The first photographic images widely used were known as daguerreotypes after the technique used.  (There were other techniques and names in the 1840s and 50s, eg calotype, ambrotype, but daguerreotype was the first.)

Later on we started calling them the more generic term photograph, but exactly when did we start doing that?

For example Beard, the first commercial daguerreotypist in Britain, was still calling them daguerreotypes as late as 1855, but the diarist Francis Kilvert, writing in 1870, refers only to photographs.

Well to find out I did some very simple investigations – first of all I used the Google Ngram viewer to look at the yearly occurrence of the term daguerreotype in the English corpus:

ngram of daguerreotype

which gives us a peak usage of the term around 1853 or 1854.

Again using the Google Ngram viewer I compared the occurrence of the term daguerreotype versus photograph over the period 1840 to 1860:

photo vs daguerre ngram

and we can see that the crossover occurred around 1855.

To sanity check this I then checked the relative occurrence of the two terms in both Welsh Newspapers online and the NLA’ s Trove. As the Trove dataset is richer I graphed the two of them separately to stop the Welsh data being drowned out the Trove data.

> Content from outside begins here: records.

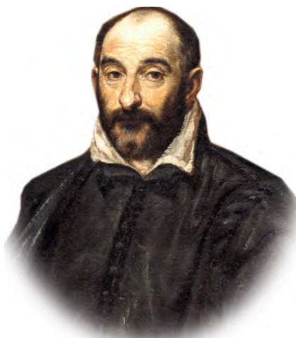
РИСУНОК 3 – Андреа Палладио – выдающийся архитектор позднего Возрождения, основоположник классицизма. На примере простых и изящных построек продемонстрировал, как достижения античности и высокого Возрождения могут быть творчески переработаны и использованы. Ему удалось сделать классический стиль архитектуры общедоступным и универсальным

В Германии от форм рококо, отмеченных римским влиянием, был сделан крутой поворот в сторону греческих форм. Это особенно заметно в таком архитектурном сооружении как Бранденбургские ворота в Берлине, строительство которых завершилось в 1791 г. (рис. 5). Интенсивное развитие неоклассицизма началось в этой стране после революции 1848–1849 гг. Стремление к благород-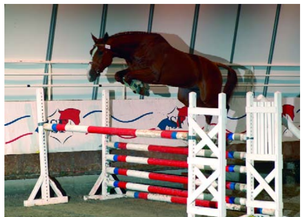
Pommeau du Heup SF (xHelios de la Cour II sf) 2e meilleur candidat 2006.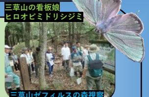
三草山の看板娘 ヒロオビミドリシジミ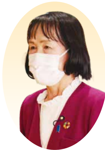
なかじま ゆみこ 中島由美子 議員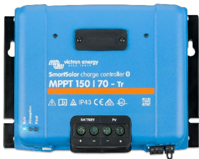
SmartSolar-Lade-Regler MPPT 150/70-Tr ohne optionales Display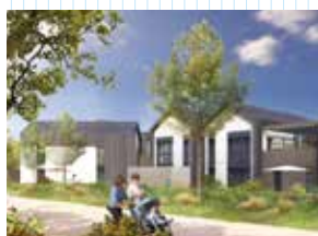
Rythmik - Acigné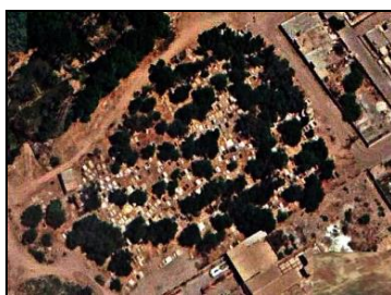
تصویر شماره ۱۸: تصویر هوایی آرامستان شهدای زرگان.

آرامستان گلزار شهدای زرگان: آرامستان گلزار شهدای زرگان واقع در شمال شرق شهر اهواز و در محله زرگان در نزدیکی رود کارون قرار دارد و در واقع یک آرامستان محلی است. از آنجا که ساکنان این محله عرب زبان اند متن و اشعار روی برخی از سنگ مزارها به زبان عربی است. تاریخ شکل گیری آن بر اساس مطالعات میدانی به سال ۱۳۴۳ ش بازمی گردد. این آرامستان بر اساس نام محله ای که در آن واقع شده و با توجه به این که پیکر پاک چند تن از شهدای دفاع مقدس در آنجا آرمیده نام گذاری گردیده است. جهت قبور در این مکان مطابق با آیین اسلامی است. از عناصر کالبدی این آرامستان می توان به وجود اتاقک های تدفینی خانوادگی با پلان های مربع و حجم های مکعب فاقد گنبد، یک نشان با طرح آلاچیق و دارای گنبد مختص به یک مقبره، هم چنین گورهای خانوادگی روباز و نشان های مقابر شهدا اشاره کرد. هم چنین این محل فاقد غسل خانه و دیوار و درب است. قبور در بخش های متأخر نسبتا متراکم اند و در بخش اولیه پراکنده. پوشش بیشتر قبرها از سنگ مرمر است و به ندرت از سیمان یا موزاییک استفاده شده است و گاه برخی قبور فاقد پوشش مستحکم اند و کاملا گلی اند. سنگ مزارها علاوه بر داشتن نام و مشخصات متوفی، مزین به نشانه هایی شامل ابزار، اشعار، تصویر و یا نام های امامان معصوم، آیات قرآنی، نقوشی از گیاهان و حیوانات و هم چنین آرایه های نمادین مانند کتاب، ظروف، شمع و خورشیدند. هنوز هم در این محل مردگان را به خاک می سپارند.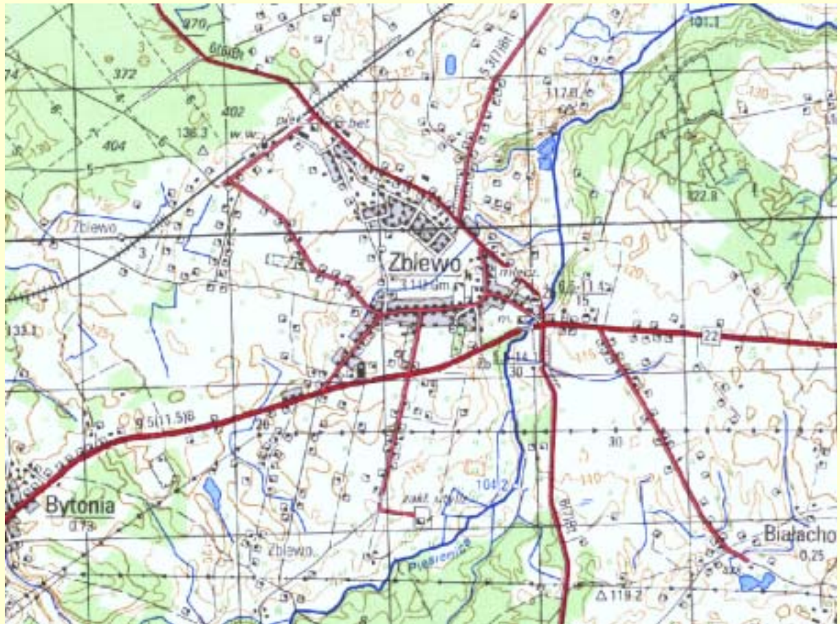
Mapa 1 Lokalizacja miejscowości Zblewo.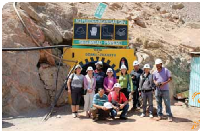
Зураг 86. Перугийн уурхайд

So, in the Welsh data we see that the data more or less matches the Google Ngram data with the crossover occurring about 1855. Interestingly, the Trove data shows something else, with both terms being used equally in the first few years of the 1850’s, with use of the term photograph taking off in 1856.

1855 of course was the date of Roger Fenton’s seminal Crimean War images, and in reports of the exhibition of his photographs, reporters use the term photograph, rather than referring to the particular technique used, suggesting perhaps that this helped drive the initial adoption of the term in preference to daguerreotype …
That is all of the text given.